First let’s load the required packages for the code in this vignette. If you haven’t already installed them, all the other packages can be installed using ´install.packages()´
Now let´s connect to a duckdb database with the Eunomia data (https://github.com/OHDSI/Eunomia).
con <- DBI::dbConnect(duckdb::duckdb(), dbdir = eunomia_dir())

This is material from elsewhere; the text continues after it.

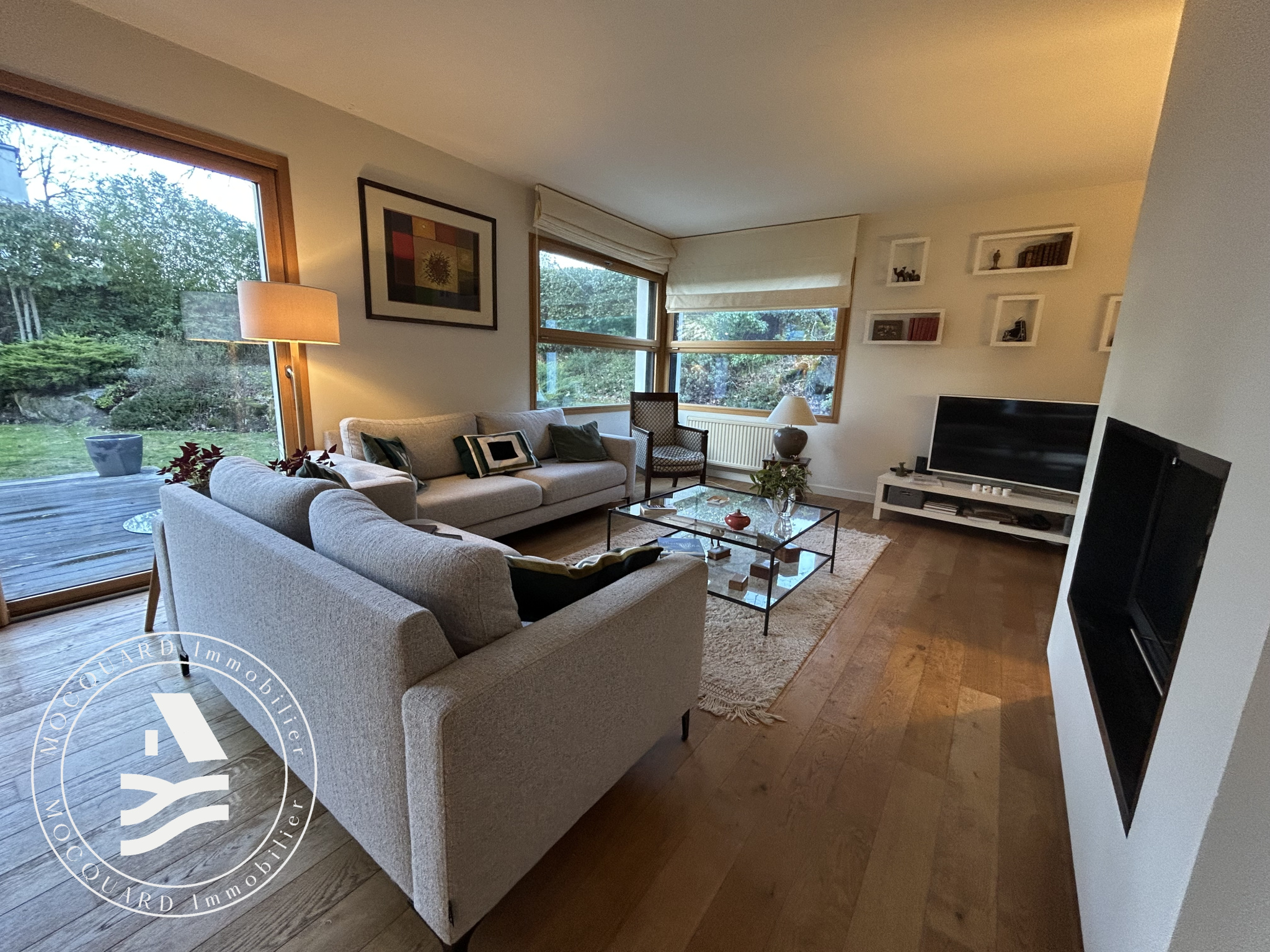 A l’extérieur, vous profiterez d’une jolie terasse en bois exotique, donnant sur un joli jardin clos et arboré, agréable et facile d’entretien, idéal pour les moments de détente en toute tranquillité.

cdm <- cdm_from_con(con, cdm_name = "eunomia", cdm_schema = "main", write_schema = "main")
cdm
#>
#> ── # OMOP CDM reference (duckdb) of eunomia ────────────────────────────────────
#> • omop tables: person, observation_period, visit_occurrence, visit_detail,
#> condition_occurrence, drug_exposure, procedure_occurrence, device_exposure,
#> measurement, observation, death, note, note_nlp, specimen, fact_relationship,
#> location, care_site, provider, payer_plan_period, cost, drug_era, dose_era,
#> condition_era, metadata, cdm_source, concept, vocabulary, domain,
#> concept_class, concept_relationship, relationship, concept_synonym,
#> concept_ancestor, source_to_concept_map, drug_strength
#> • cohort tables: -
#> • achilles tables: -
#> • other tables: -
This cdm object is now what we´ll use going forward. It provides a reference to the OMOP CDM tables. We can see that these tables are still in the database, but now we have a reference to each of the ones we might want to use in our analysis. For example, the person table can be referenced like so
Say we want to make a histogram of year of birth in the person table. We can select that variable, bring it into memory, and then use ggplot to make the histogram.
cdm$person %>%
select(year_of_birth) %>%
collect() %>%
ggplot(aes(x = year_of_birth)) +
geom_histogram(bins = 30)
If we wanted to make a boxplot for length of observation periods we could do the computation on the database side, bring in the new variable into memory, and use ggplot to produce the boxplot
cdm$observation_period %>%
select(observation_period_start_date, observation_period_end_date) %>%
mutate(observation_period = (observation_period_end_date - observation_period_start_date)/365, 25) %>%
select(observation_period) %>%
collect() %>%
ggplot(aes(x = observation_period)) +
geom_boxplot()
We use show_query to check the sql that is being run against duckdb
cdm$person %>%
summarise(median(year_of_birth))%>%
show_query()
#> Warning: Missing values are always removed in SQL aggregation functions.
#> Use `na.rm = TRUE` to silence this warning
#> This warning is displayed once every 8 hours.
#> <SQL>
#> SELECT PERCENTILE_CONT(0.5) WITHIN GROUP (ORDER BY year_of_birth) AS "median(year_of_birth)"
#> FROM main.person
cdm$person %>%
mutate(gender = case_when(
gender_concept_id == "8507" ~ "Male",
gender_concept_id == "8532" ~ "Female",
TRUE ~ NA_character_))%>%
show_query()
#> <SQL>
#> SELECT
#> person.*,
#> CASE
#> WHEN (gender_concept_id = '8507') THEN 'Male'
#> WHEN (gender_concept_id = '8532') THEN 'Female'
#> ELSE NULL
#> END AS gender
#> FROM main.person